→ **Problem statement**: In the entries that follow, the first line to write out is the one containing "Kab Juoņa dīna", and the last is the one containing "Zaproszenie na urodziny". Reproduce that stretch exactly, with nothing before or after it.

→ **Listed entries**:
-- Opening Marker --
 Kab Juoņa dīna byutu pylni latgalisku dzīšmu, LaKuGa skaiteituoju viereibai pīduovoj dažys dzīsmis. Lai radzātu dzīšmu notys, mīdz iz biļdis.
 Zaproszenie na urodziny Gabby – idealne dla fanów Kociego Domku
-- Closing Marker --
-- Opening Marker --
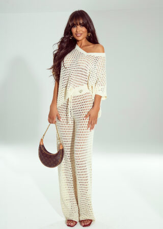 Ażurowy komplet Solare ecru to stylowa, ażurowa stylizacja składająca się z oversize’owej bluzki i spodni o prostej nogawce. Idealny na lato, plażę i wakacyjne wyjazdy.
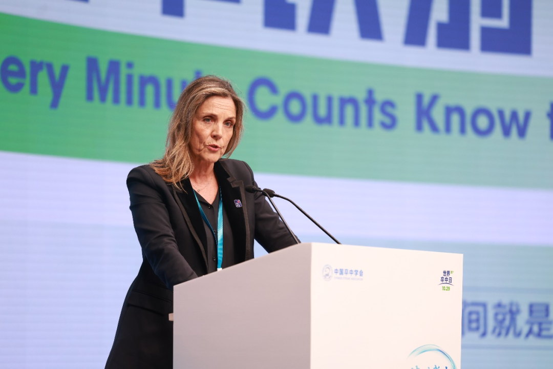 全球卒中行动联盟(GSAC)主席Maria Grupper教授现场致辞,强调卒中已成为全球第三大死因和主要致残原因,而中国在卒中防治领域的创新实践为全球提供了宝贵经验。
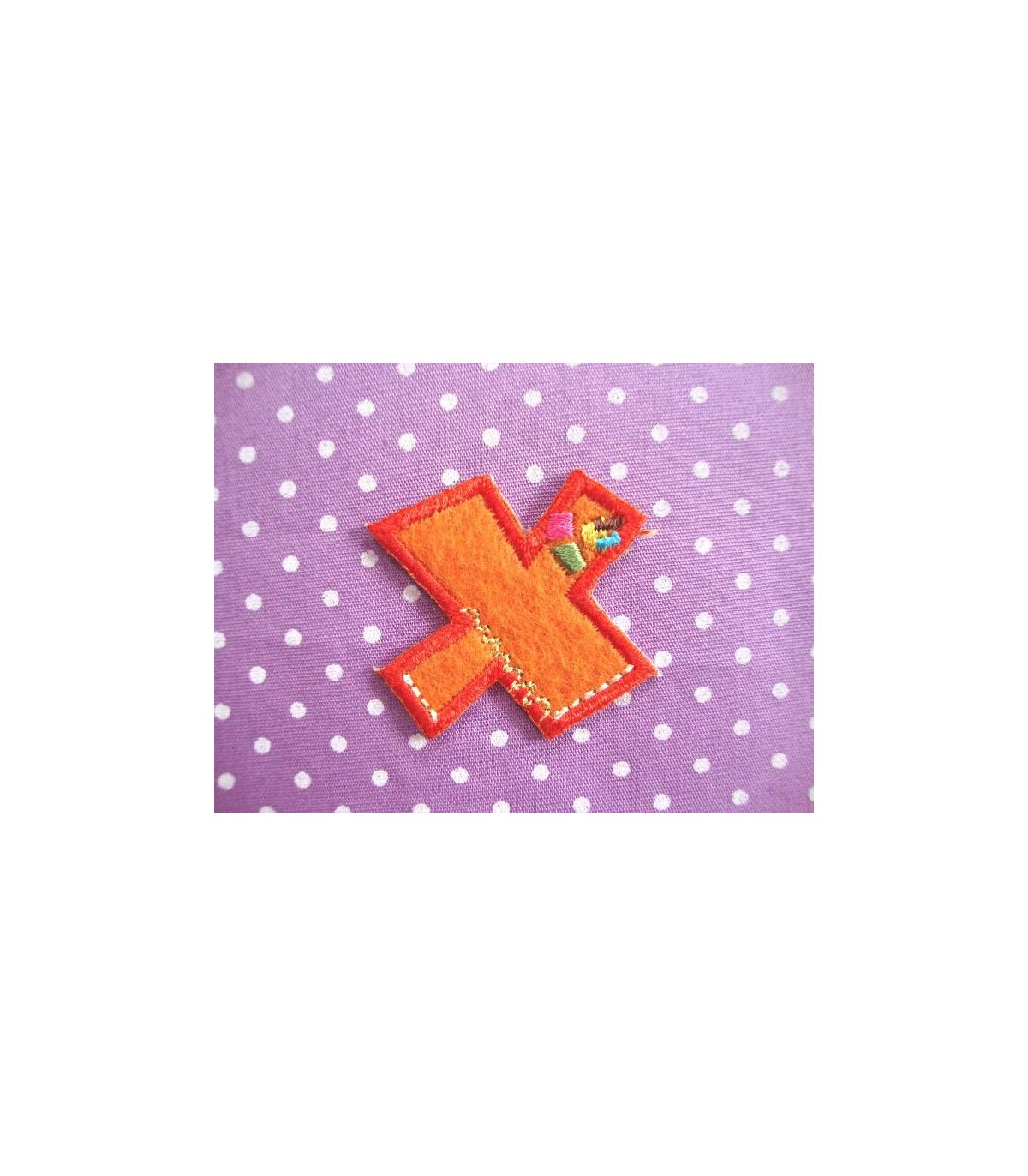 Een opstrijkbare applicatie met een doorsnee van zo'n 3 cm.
-- Closing Marker --
→ **Response below**:
 Kab Juoņa dīna byutu pylni latgalisku dzīšmu, LaKuGa skaiteituoju viereibai pīduovoj dažys dzīsmis. Lai radzātu dzīšmu notys, mīdz iz biļdis.
 Zaproszenie na urodziny Gabby – idealne dla fanów Kociego Domku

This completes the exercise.